Many articles point to the fact that the job interview is really all about the so-called cultural fit of the candidate, provided the skill and experience requirements are met as well of course. The thing is that in addition to the hiring manager, several other company members, too, are interviewing candidates to add their own assessments.
For practical purposes, what’s called company culture can be separated into two distinct areas. One is influenced by the top leader of the organization, and the other is influenced by the departmental leader or the hired employee’s immediate supervisor.

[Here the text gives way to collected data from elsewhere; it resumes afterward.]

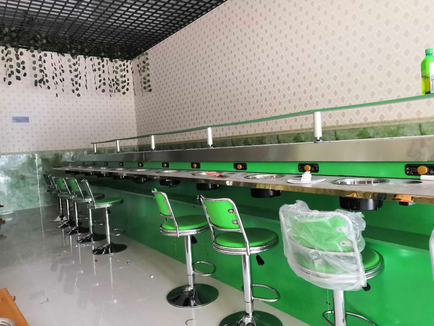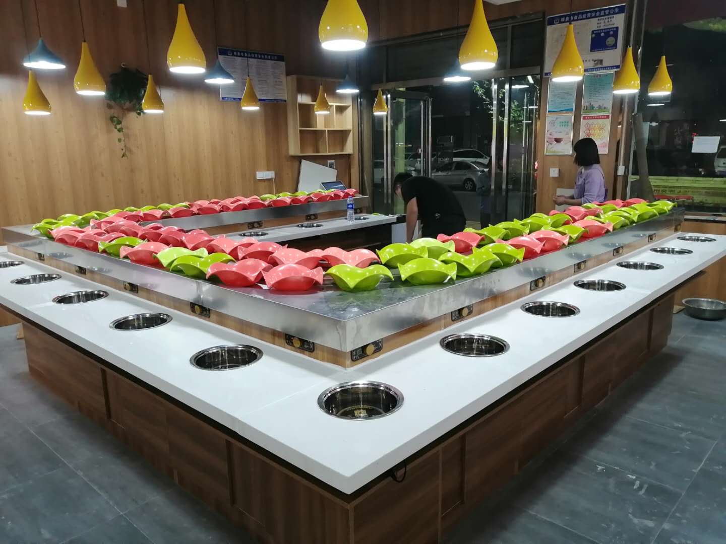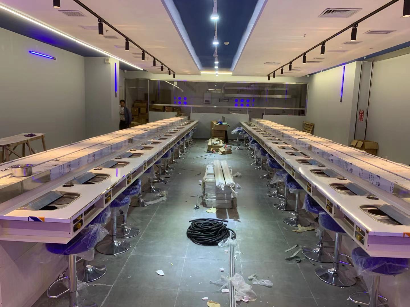 开一家旋转火锅店店内应该怎样布局呢?应该尽量使用每一处空间,在人员活动线路上应该尽量选取直线,避免迂回的曲线,使顾客和工作人员在第一时刻抵达想要抵达的位置,其次,主要通道的宽度要显着大于非必须通道。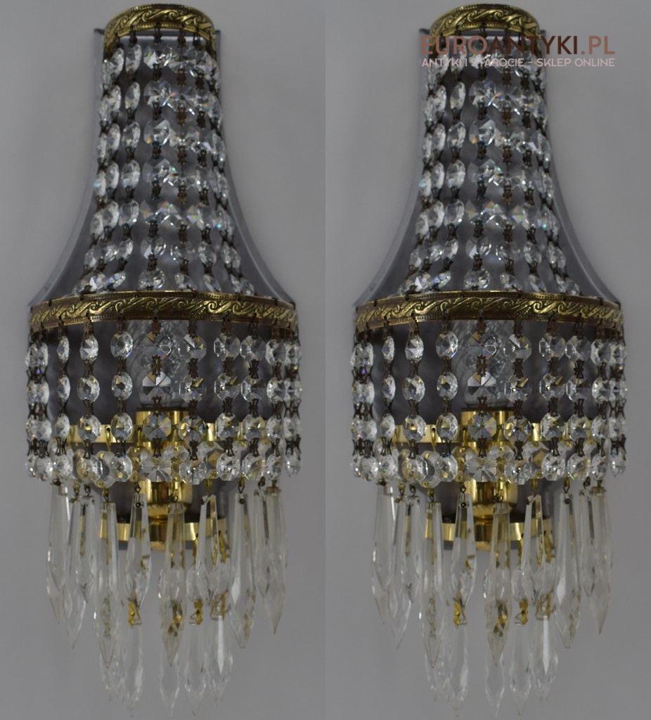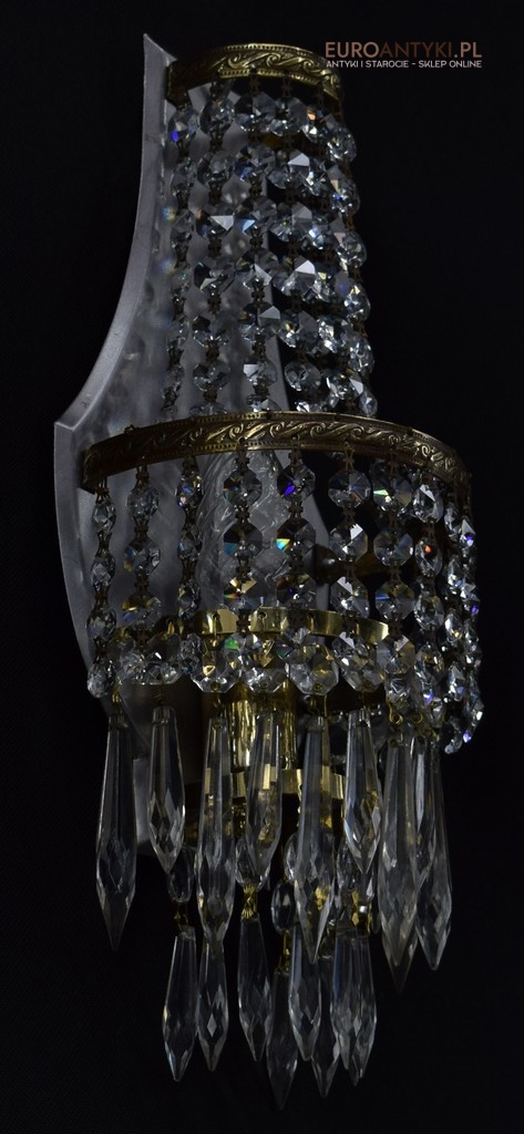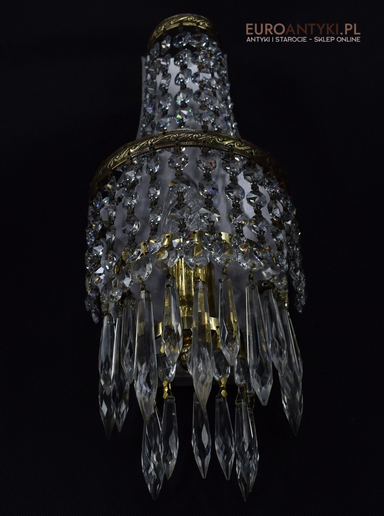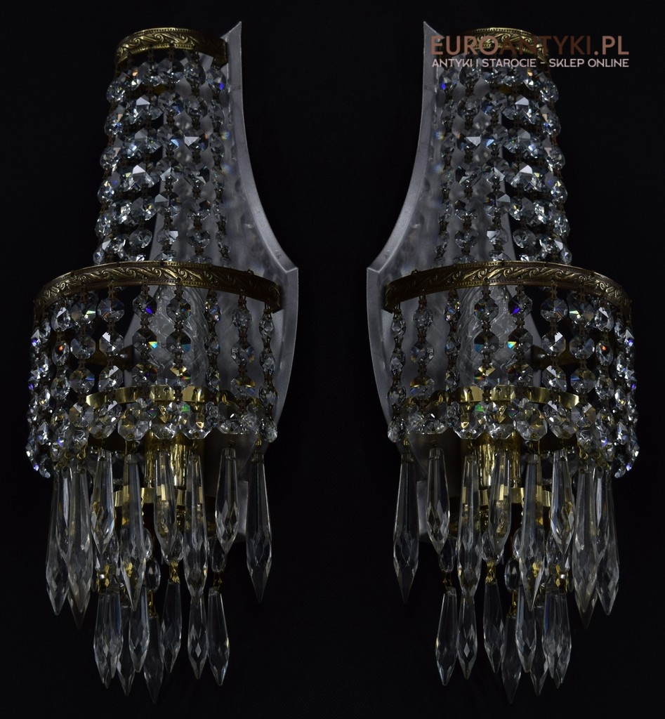 Antyczne kinkiety kryształowe. Lampy ścienne retro vintage.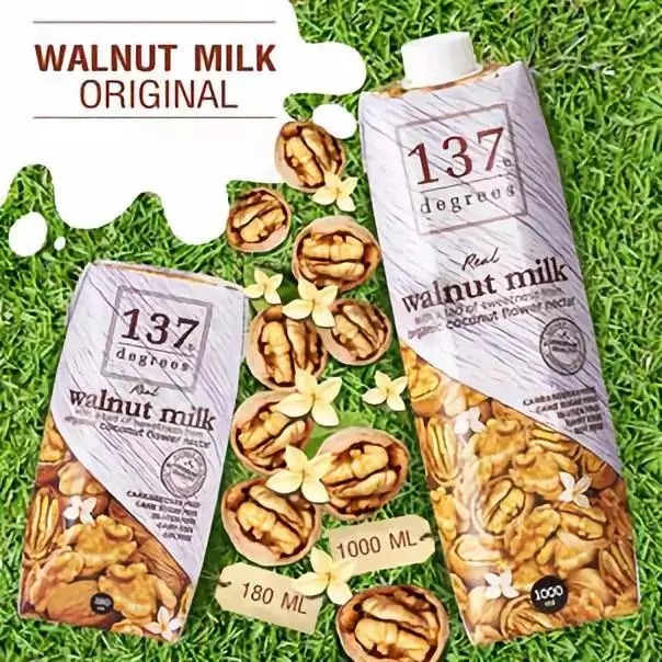 泰国坚果乳第一大公司Simple Foods旗下的137 Degree品牌,生产各种风味的扁桃仁乳、核桃乳和开心果乳。新推出的核桃乳产品,颜值颇高,由加州非转基因核桃制成,产品中加入低GI值的有机椰子花蜜代替蔗糖,不含添加糖、卡拉胶和防腐剂,低糖低热量。137度灭菌工艺和别具一格的包装设计是该品牌产品的共同特点。以这款椰子花蜜核桃乳为例,包装正面上下两部分分别为树皮纹理和核桃图案,准确地传递出天然纯净的产品特质。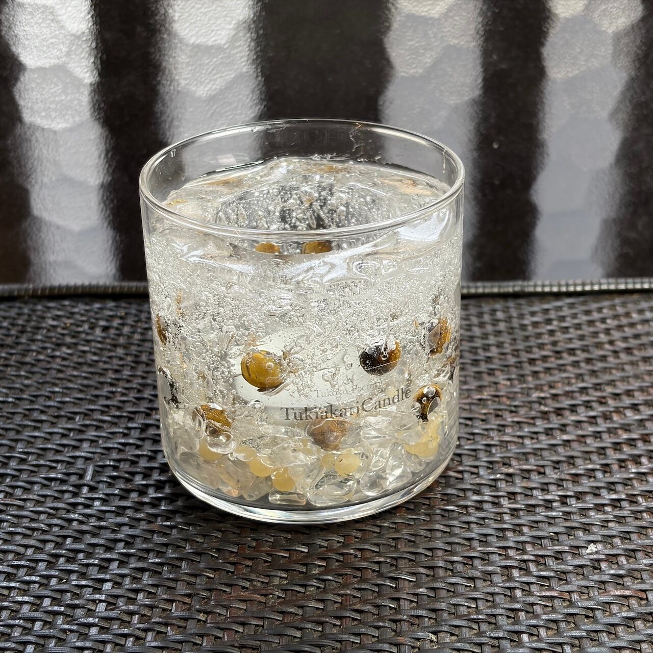 透明なガラスの中に、厳選したパワーストーンを丁寧に封入した、当店オリジナルの特別なキャンドルライトです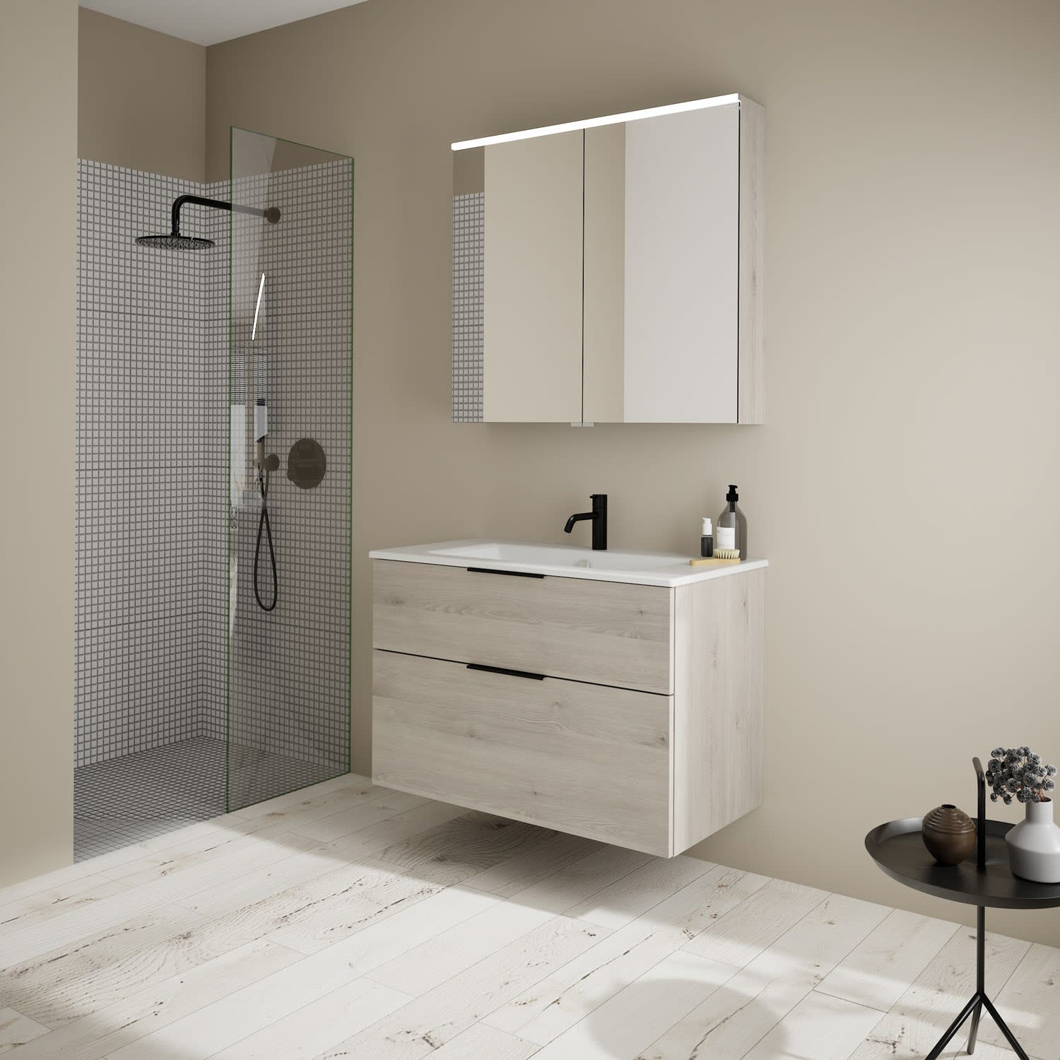 burgbad Eqio Waschtischkombination mit Keramik-Waschtisch Slim, 92 cm, mit Griff G0200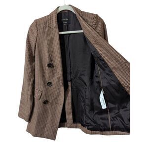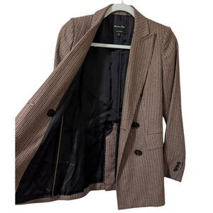 Massimo Dutti Women's 2 Houndstooth Checkered Wool Blend Double Breasted Blazer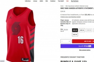 體育資訊7月7日訊 近日據(jù)某波特蘭華人、抖音博主爆料,楊瀚森球員服開始定價(jià)250刀,該抖音博主在線下直營(yíng)店反映“250”不好聽后經(jīng)店家匯報(bào)申請(qǐng)?jiān)撉蛞碌膬r(jià)格就改成了238刀。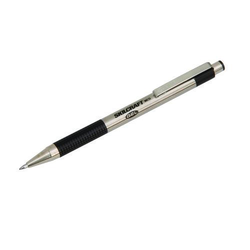 Product Details** Global Product Type Gel Pens Pen Style Retractable Pen Tip Type Conical Pen Point Size Type Medium Color Family Black Erasable Ink No Refillable Yes Pen Sub-Brand & Product Family SKILCRAFT® Zebra® Stainless-Steel Pen Type Gel Pen Pen Point Size 0.7 mm Pen Ink Color(s) Black Pen Barrel Color(s) Silver/Black Permanent/Washable Ink Permanent Archival-Quality Ink Yes Airplane-Safe Ink No Low-Viscosity Ink No Special Ink Properties Water-Based Gel Pen Grip Type Textured Visible Ink Supply No Pocket Clip Indicator Yes Manufacturer Pen Refill # JK-Refill (88112) Product Biodegradability Indicator N Product Biodegradability in Days 0 Product Compostability Indicator N Compliance Standards TAA Compliant Pre-Consumer Recycled Content Percent 0% Post-Consumer Recycled Content Percent 0% Total Recycled Content Percent 0% Country Of Origin US Carton Weight 1 lbs. Carton Pack Quantity 12 PK Pack Quantity 2 EA UPC 071503301680 UNSPSC 60121524 Shipping Weight & Item Dimensions Weight 0.063 lbs. Length 0.5 in Height 7.5 in Width 2.25 in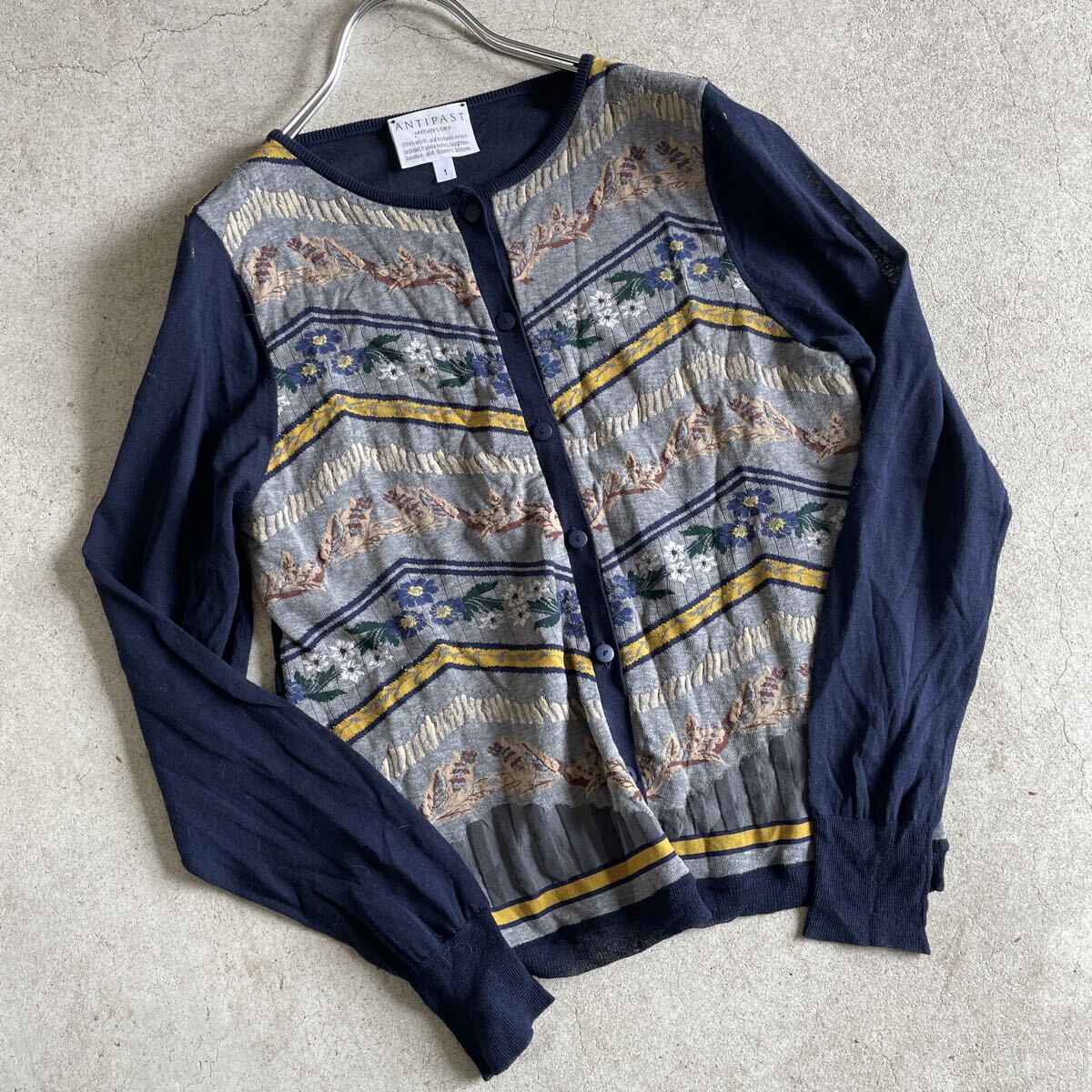 > アンティパスト ANTIPAST 花柄 コットン カーディガン 5 ネイビー 紺色 綿 薄手 カットソー ニット 長袖 クルーネック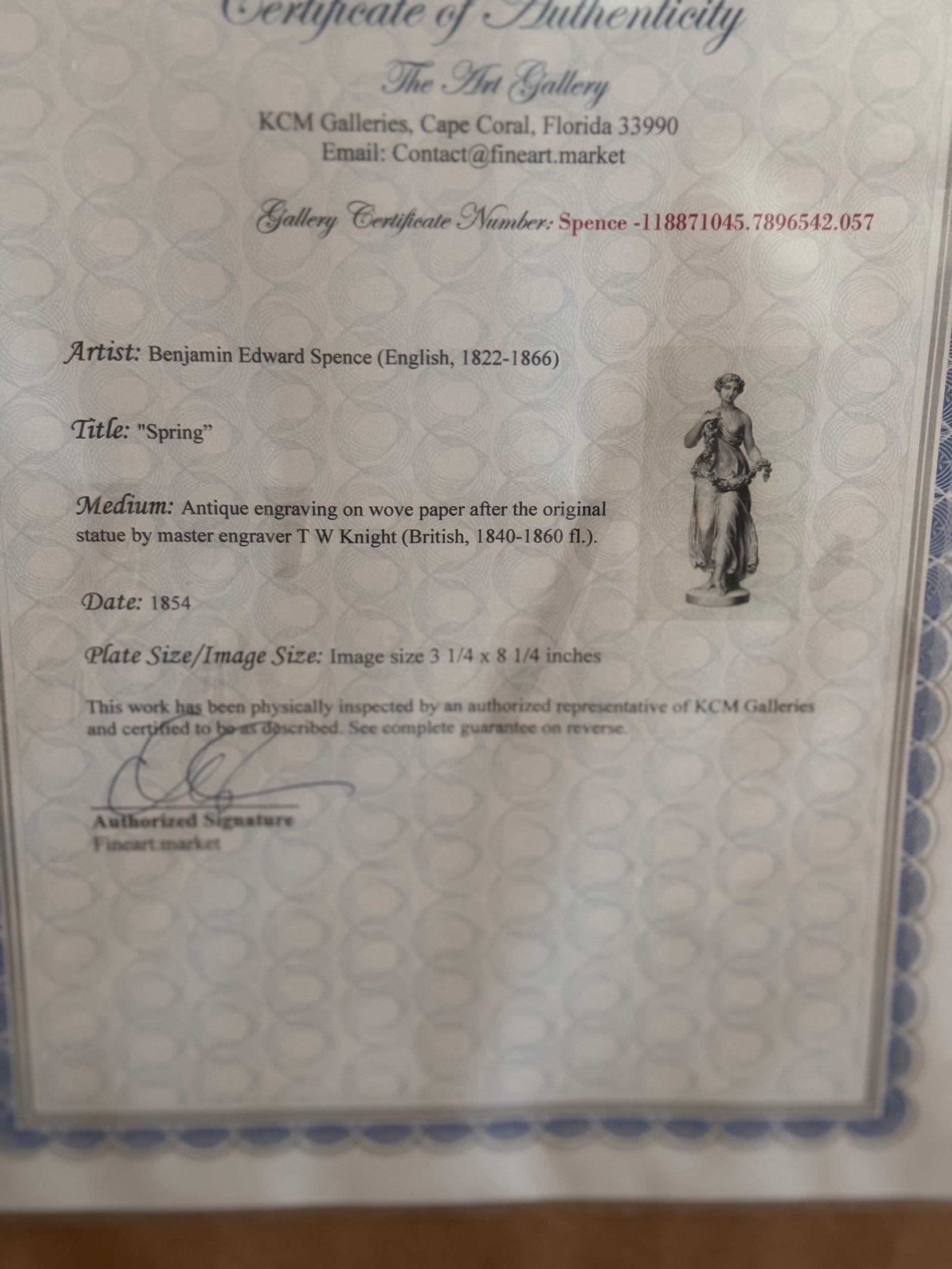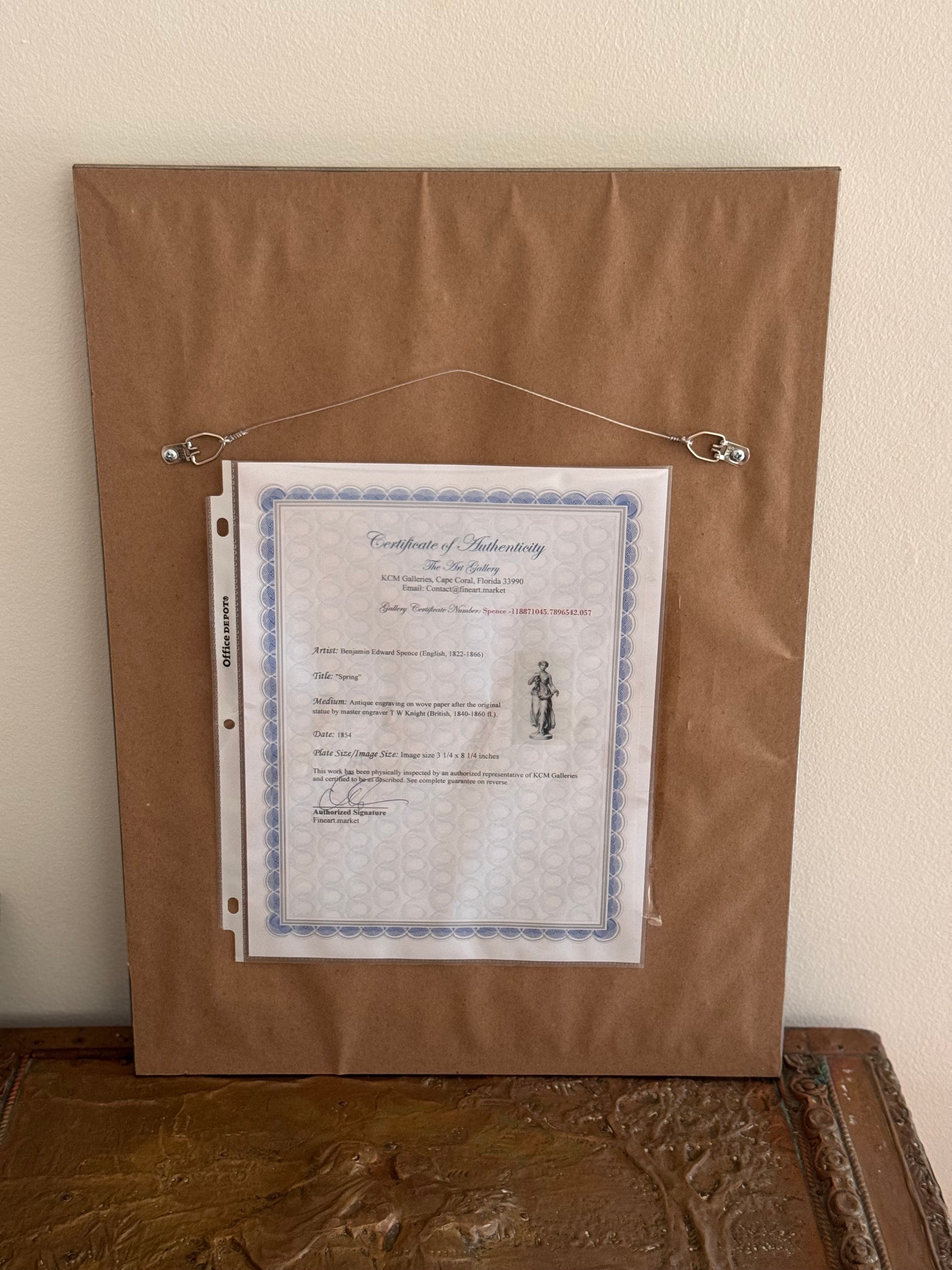 Antique British Engraving Portrait of Spring Benjamin Spence 1854 Woman

Years ago, I worked at a Fortune 100 company that had a history of buying many other companies whose individual and distinct cultures had been kept intact and independent of each other all along. At one point, though, a new CEO took over and decided to instill one single culture throughout the hundreds of subsidiaries and affiliated companies under his jurisdiction. That action caused an amazing transformation. I compared the new CEO’s influence to a magnet approaching a bunch of nails: all of a sudden, all of the nails aligned and connected to the magnet.
Certainly, a departmental boss has impact on departmental culture. Often, when you ask someone a question like, What’s it like to work at that company? the reply reflects the person’s pleasure or displeasure with his boss and, at times, his colleagues.
So, how—during the interview—can a candidate seem to fit into the company’s culture?
Similar to the cliché that says, “A leopard can’t change its spots,” a person can’t radically change personality. But because the outcome of the interview is highly influenced by a candidate’s cultural fit, the candidate can at least attempt to make the right impression, which amounts to simply the same thing as adjusting the words in the résumé to match the job requirements stipulated in the job ad.
People may have different understandings of what lies behind the proverbial cultural fit. The most accepted notion suggests that cultural fit includes the display of characteristics related to organizational culture, such as values, language, and outlook. Culture is the behavior that results when the members of a group arrive at a set of rules for working together. The rules may include elements of decision making, daily work practices, and even such things as the office setup. For instance, some organizations are hierarchical—with office spaces and sizes linearly matching employees’ functions in the organization. At the other end of that spectrum are organizations that are very egalitarian—with open-architecture office space, in which all employees having equally open and equally sized spaces.
Before the interview, the candidate should explore with as many people as possible inside the company certain issues, such as:
* Whether the work environment is highly stressful or rather relaxed
* Whether promotion is from within or fresh experts are hired from outside
* Frequency of meetings
* Volume and tone of internal e-mails (formal or informal, friendly or abrasive?)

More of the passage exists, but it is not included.